Hi, I'm using intfloat/multilingual-e5-large
for a retrieval task and I found that when E5OnnxEmbedding
embeds texts using the model, the model output is pooled by CLS-pooling.
class E5OnnxEmbedding(OnnxTextEmbedding):
...
class OnnxTextEmbedding(TextEmbeddingBase, OnnxTextModel[np.ndarray]):
"""Implementation of the Flag Embedding model."""
...
def _post_process_onnx_output(self, output: OnnxOutputContext) -> Iterable[np.ndarray]:
embeddings = output.model_output
return normalize(embeddings[:, 0]).astype(np.float32)
But I think it would be better to use average pooling as the paper does when pretraining the model.
Following the popular biencoder architecture, we use a pre-trained Transformer encoder and average pooling over the output layer to get fixed-size text embeddings Eq and Ep.
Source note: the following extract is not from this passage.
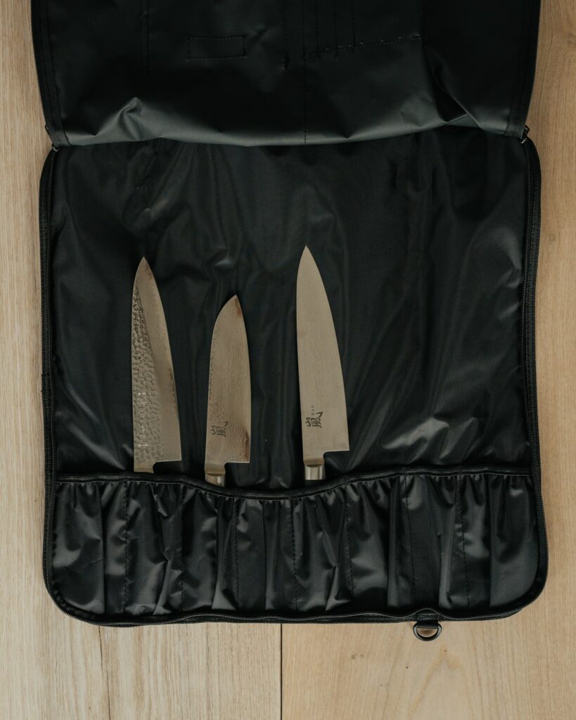 Ammattikokki on tottunut roudaamaan veitsilaukkunsa työpaikalta toiselle, mutta kotikokille tulee harvemmin mieleen ottaa tarvikkeita mukaan reissuun. Mökillä tai kaverin luona ruokaa laittaessa tuskaillaan sitten huonoja veitsiä. Hankkimalla veitsilaukun, saa kuljetettua veitset ja oman keittiön tärkeimmät työvälineet aina mukana ja ruuanlaitto käy kodin ulkopuolellakin totuttuun tapaan. Veitsilaukusta kannattaa löytyä paikat vähintään neljälle veitselle ja taskuja myös atuloille ja muille työvälineille. Kuvassa näkyvä Yaxellin veitsilaukku 8:lle on ainakin huippuvalinta!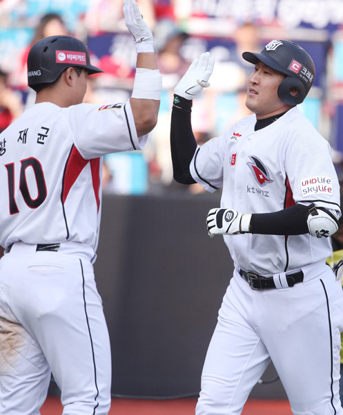 ‘유한준 전성시대’다. KT 유한준(오른쪽)의 타격감이 식을 줄 모른다. 아직 시즌 초반이긴 하지만, 0.447의 고타율을 자랑하고 있다. 19일 수원 KT전부터 꾸준히 4할대 타율을 지키고 있을 정도로 쾌조의 컨디션을 유지하고 있다. 유한준이 29일 수원 KIA전에서 8회 홈런을 터트리며 3안타 경기를 완성한 뒤 황재균과 하이파이브를 하고 있다. 사진제공|스포츠코리아

The score is the cosine similarity scaled by a temperature hyperparameter τ : ...
So I'm alternatively using the model that uses average pooling by overriding E5OnnxEmbedding
:
def average_pool(last_hidden_states: np.ndarray, attention_mask: np.ndarray) -> np.ndarray:
...
return avg_hidden
class CustomE5OnnxEmbedding(E5OnnxEmbedding):
...
def _post_process_onnx_output(self, output: OnnxOutputContext) -> Iterable[np.ndarray]:
embeddings, attention_masks = output.model_output, output.attention_mask
pooled_embeddings = average_pool(embeddings, attention_masks)
nomalized_embeddings = normalize(pooled_embeddings).astype(np.float32)
return nomalized_embeddings
TextEmbedding.EMBEDDINGS_REGISTRY.append(CustomE5OnnxEmbedding)
Would you consider changing the pooling method to average pooling?
And separated with this, I'm really enjoying using FastEmbed and I appreciate your work on it!
Thanks for your time and consideration!
What Python version are you on? e.g. python --version
- Python 3.11
- FastEmbed 0.4.1
Version
0.2.7 (Latest)
What os are you seeing the problem on?
MacOS
Relevant stack traces and/or logs
No response